An old antibiotic may combat drug-resistant tuberculosis

Mycobacterium tuberculosis, the microbe responsible for tuberculosis, often mutates in ways that make it resistant to antibiotics.

For decades, antibiotics have helped hold tuberculosis back, saving untold millions of lives. But their limits are being seriously tested as the bacterium’s tendency to mutate has led to a steady rise in drug-resistant strains. Without new drugs, scientists fear that tuberculosis, deemed largely a controllable disease, may not remain so.

In search of new antibiotics, Rockefeller scientists have landed on an existing compound, naturally produced by a bacterium. Their research, published in the Proceedings of the National Academy of Sciences, elucidates how sorangicin A, first discovered in the 1980s, can destroy even the antibiotic-resistant bacteria that cause tuberculosis.

The findings suggest that the compound may be a good candidate for further development as a first-line antibiotic for tuberculosis.

“Sorangicin inhibits regular strains in very much the same way as rifampin, one of the primary choices for tuberculosis antibiotics. But now we show that, through a different mechanism, it also traps those variants that escape rifampin,” says Elizabeth Campbell, a research associate professor at Rockefeller.

Dual action antibiotic

The antibiotic rifampin works by blocking RNA polymerase (RNAP), an enzyme crucial to bacteria’s survival. This enzyme walks along a strand of DNA, using the genetic information to build an RNA molecule, one nucleotide at a time. Rifampin snaps into the cavity of one of RNAP’s pockets, and physically clogs the path of the RNA molecule when it’s no more than two or three nucleotides long. Without the proper RNA blueprints, the bacterium can’t make new proteins, and dies.

Bacteria resistant to rifampin have mutations that change the structure of that rifampin-friendly pocket in RNAP. To find an alternative drug for these strains, researchers have been looking for molecules that fit into other pockets of bacterial RNAP.

At first glance, sorangicin would not seem a likely candidate since it targets the same RNAP pocket as rifampin. But it appears to work anyway: a few years ago, Campbell and others discovered that some of the strains that had developed resistance to rifampin were still vulnerable to sorangicin.

Flexible and early

In the new study, the researchers used crystallography to visualize the interactions between sorangicin and RNAP’s pocket in mutant bacteria. They found that the very mutation that repels rifampin from the pocket also creates a flexible molecular lid on the pocket, which moves to let sorangicin in.

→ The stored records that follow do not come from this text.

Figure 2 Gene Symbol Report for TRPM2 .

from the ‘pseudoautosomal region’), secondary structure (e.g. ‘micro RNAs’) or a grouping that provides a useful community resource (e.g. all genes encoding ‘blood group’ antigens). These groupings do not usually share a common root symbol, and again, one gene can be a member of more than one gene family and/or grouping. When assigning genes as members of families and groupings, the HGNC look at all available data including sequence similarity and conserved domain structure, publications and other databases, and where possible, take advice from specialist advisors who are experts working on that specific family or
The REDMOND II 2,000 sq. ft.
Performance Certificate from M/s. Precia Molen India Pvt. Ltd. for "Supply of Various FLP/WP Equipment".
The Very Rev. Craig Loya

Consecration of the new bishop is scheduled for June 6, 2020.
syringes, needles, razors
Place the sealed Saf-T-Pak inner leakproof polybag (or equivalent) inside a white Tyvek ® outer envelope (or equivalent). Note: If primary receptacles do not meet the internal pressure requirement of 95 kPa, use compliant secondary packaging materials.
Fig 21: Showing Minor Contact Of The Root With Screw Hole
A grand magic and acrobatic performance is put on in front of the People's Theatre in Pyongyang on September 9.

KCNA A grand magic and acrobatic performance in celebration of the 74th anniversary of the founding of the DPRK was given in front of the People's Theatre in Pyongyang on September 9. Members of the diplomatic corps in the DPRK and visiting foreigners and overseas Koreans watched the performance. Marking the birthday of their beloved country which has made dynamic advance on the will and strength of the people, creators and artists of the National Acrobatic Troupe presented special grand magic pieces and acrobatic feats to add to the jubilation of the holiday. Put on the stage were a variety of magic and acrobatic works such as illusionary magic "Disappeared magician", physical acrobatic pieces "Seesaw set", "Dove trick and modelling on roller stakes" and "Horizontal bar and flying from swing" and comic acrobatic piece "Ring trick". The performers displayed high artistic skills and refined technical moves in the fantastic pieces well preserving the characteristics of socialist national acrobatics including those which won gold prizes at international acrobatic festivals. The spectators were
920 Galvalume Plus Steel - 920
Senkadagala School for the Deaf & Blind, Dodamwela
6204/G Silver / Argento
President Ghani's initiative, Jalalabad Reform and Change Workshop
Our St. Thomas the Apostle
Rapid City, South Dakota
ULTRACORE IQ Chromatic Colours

The researchers then used cryo-electron microscopy to see what happens when sorangicin binds to RNAP. In regular, non-resistant bacteria, sorangicin cut the RNA production short, similar to rifampin. But in the mutant strains, sorangicin trapped RNAP at an unexpected stage of transcription, early on before the production of RNA molecules even begins. “This was surprising,” Campbell says. “It tells us to look at all stages of the process when designing new antibiotics.”

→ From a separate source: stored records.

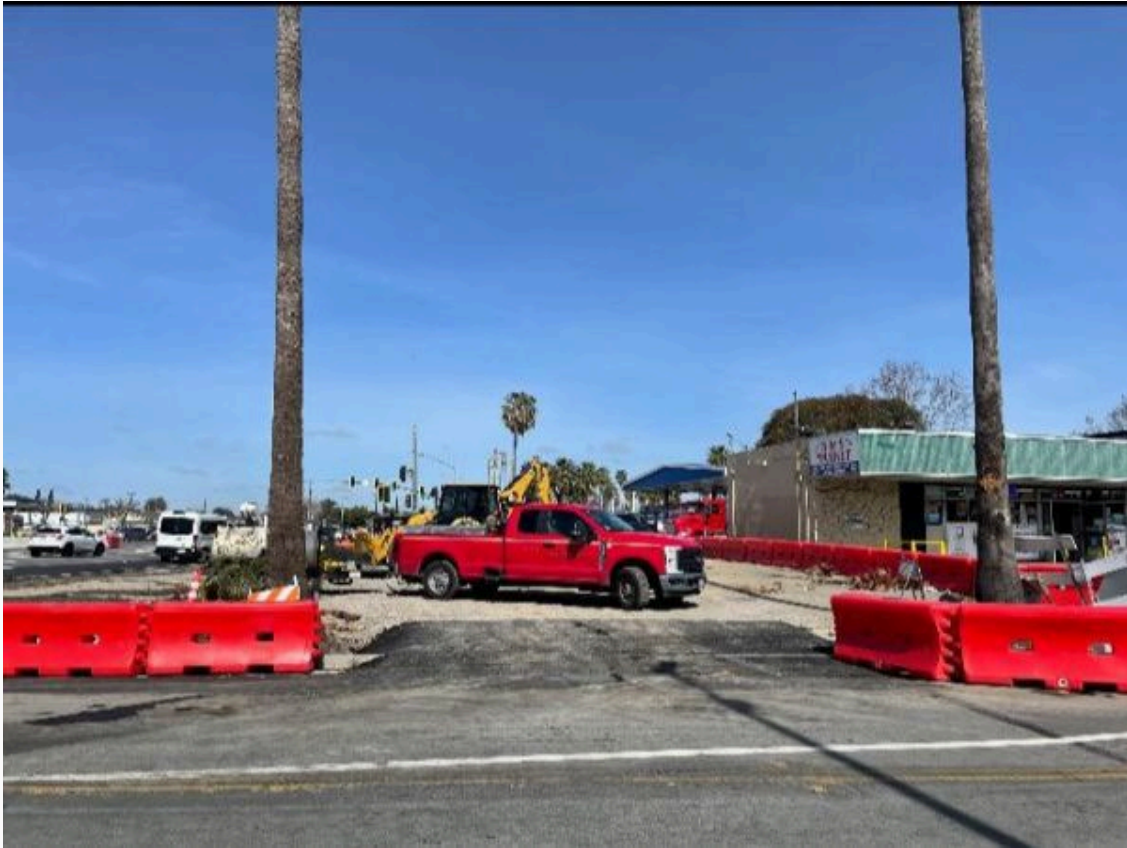
This property by S&S Market will be part of the VTA Story Road Station, but for now, it will be used as a temporary parking area for selected residents from the K&K Apartments while the 10-carport is replaced.

Staff continue communicating and coordinating activities impacting private property with residents, homeowners, and business owners near the project.
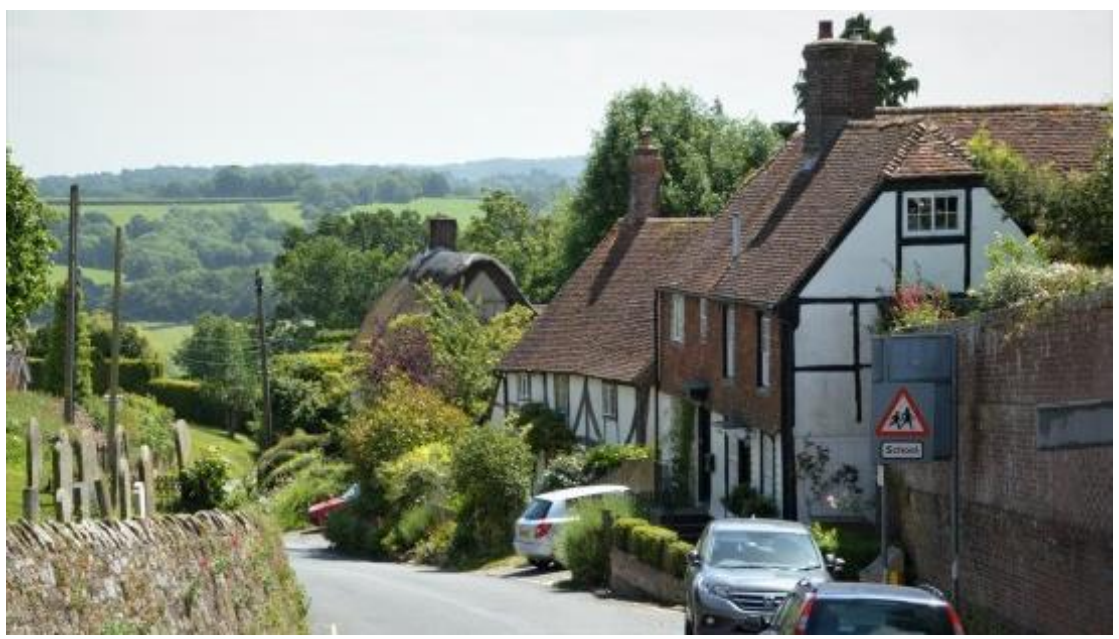
School Hill, Burwash

School Hill is a pretty, meandering lane running south from the War Memorial towards the Dudwell valley. Its mixture of traditional cottages and sympathetically-designed newer homes – all backed by open fields – makes it one of the most distinctive areas of the parish.
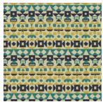
007 Marine and Turquoise
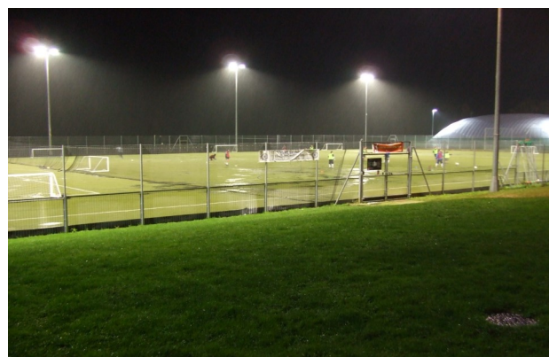
All weather 3G Pitches

Group exercise classes run everyday of the week and include all the favourites such as Zumba - the latin-inspired high energy dance workout, Spinning - a great cardio vascular workout on a stationary bike and Yoga - perfect for building strength and flexibility whilst de-stressing. Classes are a great option for those who enjoy a livelier atmosphere and a more social approach to working out.
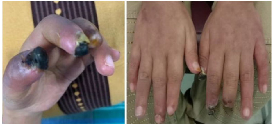
Figure 2. (A-left) RV at admission. (B-right) RV at day-30 after treatment.

this patient dubia because the rheumatoid arthritis already with complication. The treatment were given diuretic, inotropic and ACE inhibitor were given for heart failure. The treatment for RV was prednisone/methylprednisolone 2 mg/kg/day. Erythromycin was given for streptococcus eradication, because benzathine penicillin was not available. Aspirin 350 mg/6hour/oral was given for 3 weeks and prednisone was tapered off. Anemia chronic disease resulting in hemoglobin level of 7,9 g/dl, therefore PRC transfusion was administered.
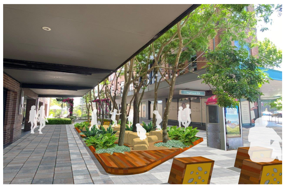
Photo 37 Both options - Precedent images for Langley Place Upgrade (Military Road)

Many tuberculosis patients have other health problems requiring medication, such as HIV. Treatment for these patients can be complicated because rifampin reduces the effectiveness of other medications by speeding their metabolism. Lab studies revealed that sorangicin has a milder effect on the enzymes involved in drug metabolism. “If sorangicin can be developed into a medication, it might be especially helpful for people with co-morbidities,” Campbell says.